# Problem to solve
Return the data below exactly as given, except for the images.

# Data extract
■ ■ ■ ■

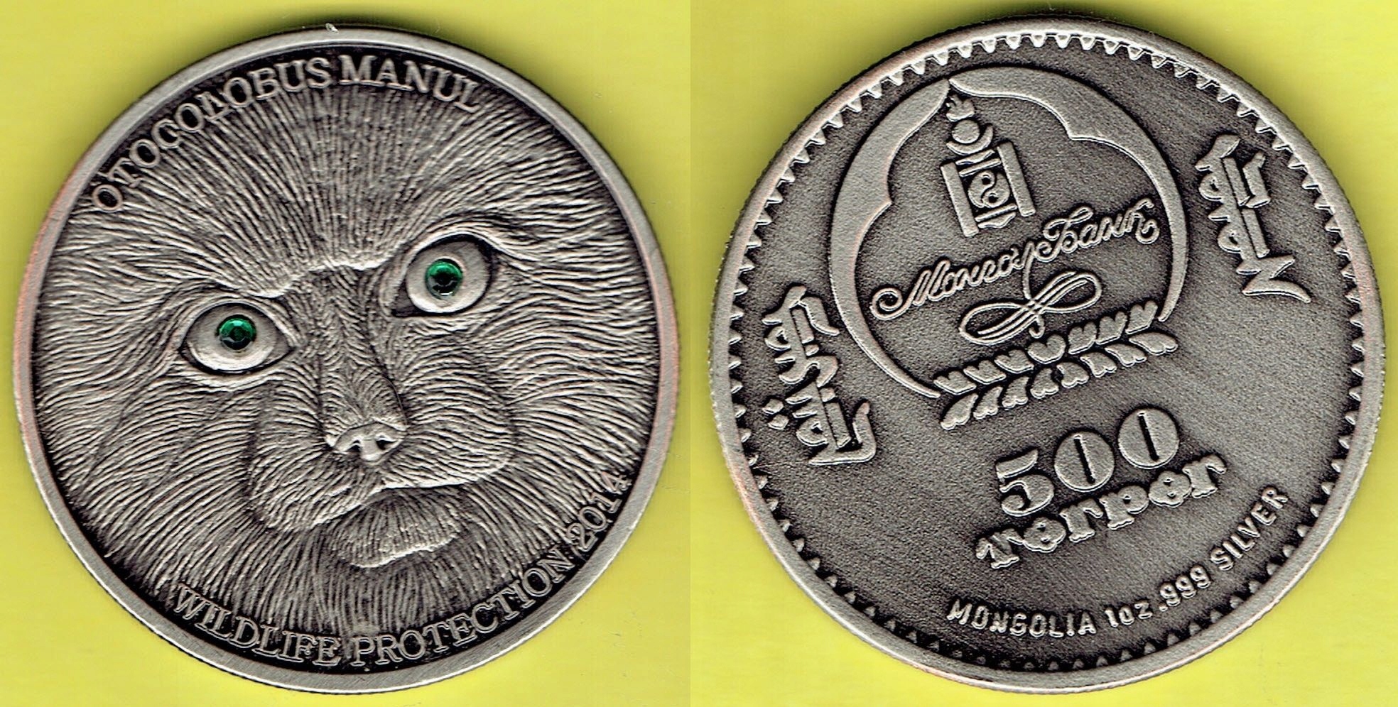 MONGOLIA 500 TUGRIKÓW 2014 r. MANUL STEPOWY KOPIA
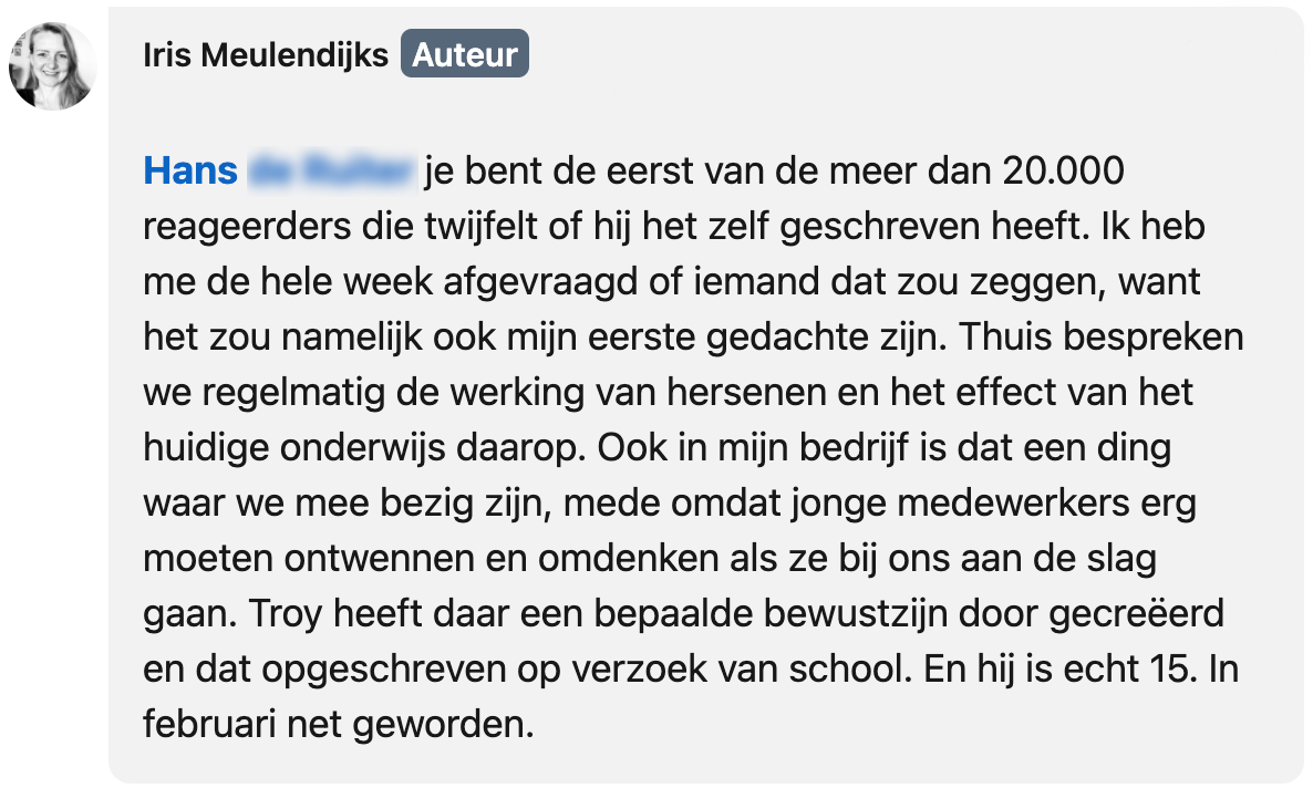 Toen zijn school aan de 15-jarige Troy vroeg om feedback te geven op het huidige onderwijs, twijfelde hij geen moment. Hij had al snel een verhaal klaar staan waarin hij, onderbouwd, vertelt wat er mis is met school. Zijn moeder Iris Meulendijks deelt het appje op LinkedIn, wat al snel veel reacties opleverde.
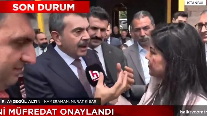 Yedikule’de bir etkinliğe katılan Milli Eğitim Bakanı Yusuf Tekin, kabul edilen yeni müfredatla ilgili soru soran Halk TV muhabirinin mikrofonunu eliyle uzaklaştırdı.

■ ■ ■ ■

# Reply to the task
 MONGOLIA 500 TUGRIKÓW 2014 r. MANUL STEPOWY KOPIA
 Toen zijn school aan de 15-jarige Troy vroeg om feedback te geven op het huidige onderwijs, twijfelde hij geen moment. Hij had al snel een verhaal klaar staan waarin hij, onderbouwd, vertelt wat er mis is met school. Zijn moeder Iris Meulendijks deelt het appje op LinkedIn, wat al snel veel reacties opleverde.
 Yedikule’de bir etkinliğe katılan Milli Eğitim Bakanı Yusuf Tekin, kabul edilen yeni müfredatla ilgili soru soran Halk TV muhabirinin mikrofonunu eliyle uzaklaştırdı.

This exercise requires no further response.